Table 6 25℃ light stability scheme of IL-29 mutant

Table 7 The results of the determination of the stability of IL-29 mutants under light at 25°C

From the results in Table 7 above, it can be seen that the stability of the IL-29 mutant IL-29DE+CS is better than that of IL-29CS under the light condition of 25°C.

Example 5 Nebulization stability experiment of each mutant of IL29

The atomization experiment was carried out using a German PARI LCD type jet atomizer and a TurboBOY N atomizing pump, a total of 2 mL of samples were atomized, and the aerosol was collected in the manner shown in Figure 11 below. The same method was used to carry out the RP-HPLC purity determination of each test substance of IL29 mutants to verify the nebulization stability of each mutant. Wherein IL29 CS is used as reference substance, and the results are shown in Table 8 below.

Table 8

From the results in Table 8, it can be seen that the purity of IL29 mutants IL29 DE+CS and IL29 GA+CS decreased by only about 3% after nebulization, and the purity of IL29 DS+CS decreased by 8.1% after nebulization, while the purity of IL29CS after nebulization was greatly reduced. A drop, by as much as nearly 11%. It can be seen that the nebulization stability of IL29 mutants is significantly enhanced compared with IL29CS, especially the IL29 mutants IL29 DE+CS and IL29 GA+CS have particularly good stability after nebulization, especially suitable for the preparation of aerosol inhalation preparation.

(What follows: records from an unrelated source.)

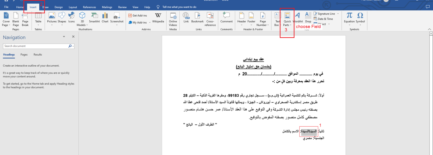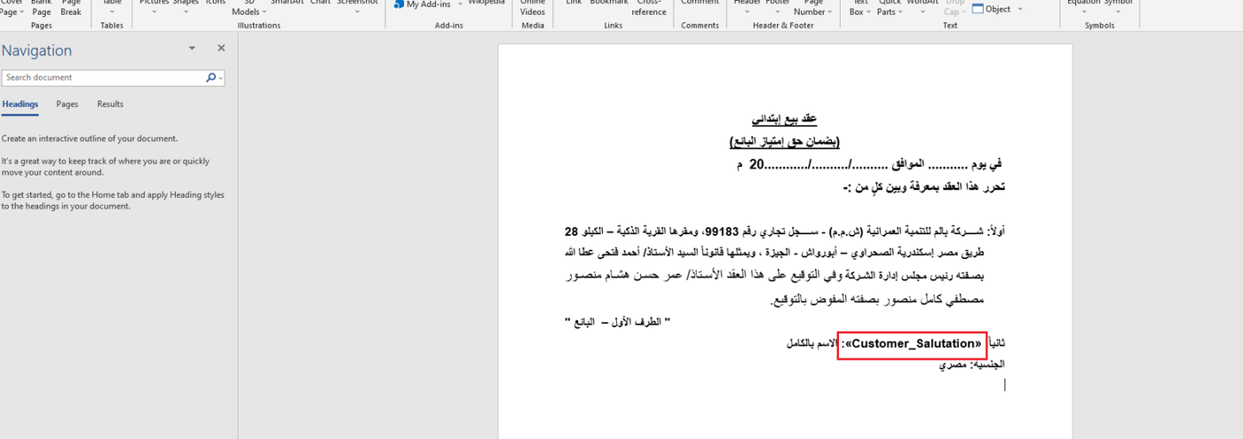 Referring to the full name of the customer in Arabic |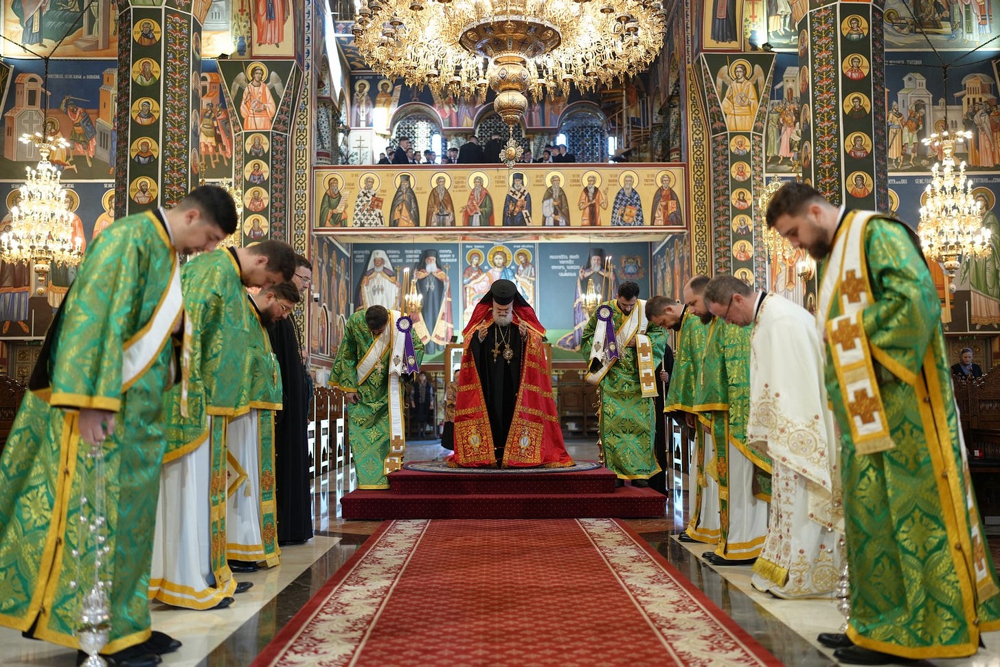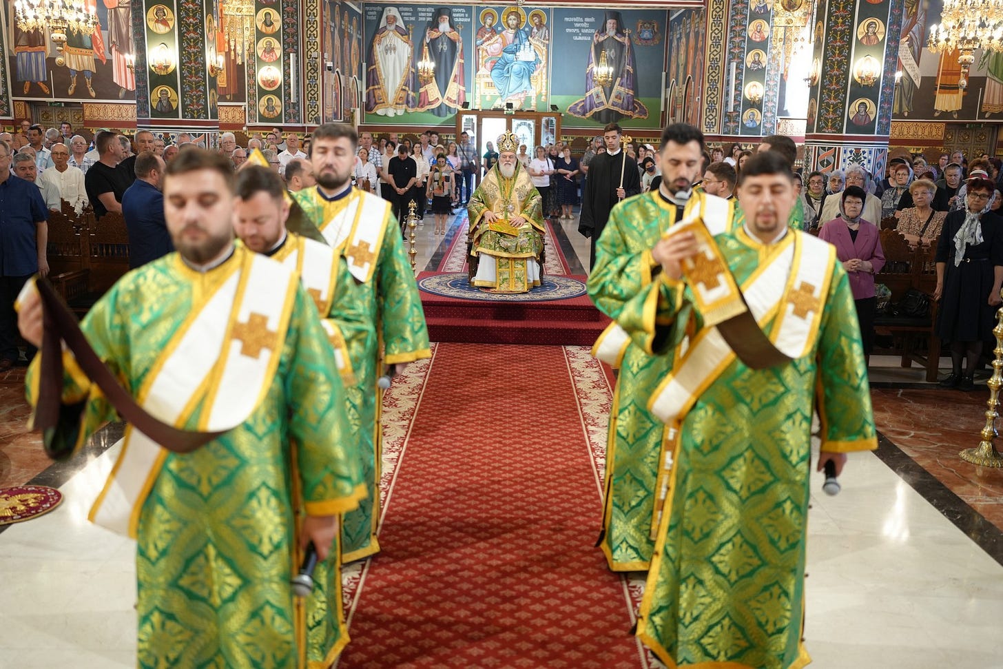 După Sfânta Liturghie, a fost oficiată Vecernia plecării genunchilor, în cadrul căreia au fost rostite cele șapte rugăciuni speciale și au fost binecuvântate frunzele de nuc, simbol al limbilor de foc ce s-au pogorât asupra Sfinților Apostoli.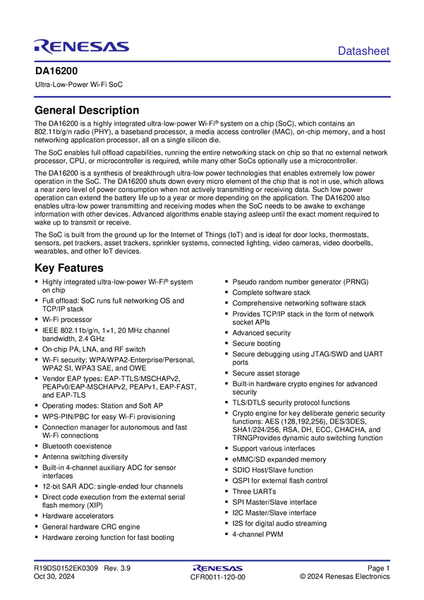 DA16200 Ultra-Low Power Wi-Fi SoC for Battery-Powered IoT Devices

Example 6 In vitro pharmacodynamic assay of IL29 mutants on RSV infection of human bronchial epithelial cells (HBECs)

After the cell differentiation (Cell Application) of HBEC (human bronchial epithelial cell) was completed, the doubling-diluted IL29 mutant (IL29 DE+CS) and the positive control drug (BMS-433771, provided by Shanghai WuXi AppTec) For Respiratory Syncytial Virus Fusion Protein Inhibitor), differentiated HBEC cells were added and incubated at 37 °C in a 5% _CO incubator. Respiratory syncytial virus (respiratory syncytial virus, provided by Shanghai WuXi AppTec) was inoculated 24h before infection, and 1h and 24h after infection, and RSV with a titer of 100 TCID50 (half the tissue culture infectious dose) was added to each well of the activity test well, and the cells were placed in After 3 days of incubation in a 37°C and 5% CO ₂ incubator, RSV RNA was extracted from the cells using an RNA extraction kit (Cat. No. 74181, Qiagen) and quantified by RT-qPCR. Use GraphPad Prism software to analyze the compound dose-response curve and calculate the EC ₅₀ value and the average bacteriostatic rate. The results are shown in Table 9 and Table 10.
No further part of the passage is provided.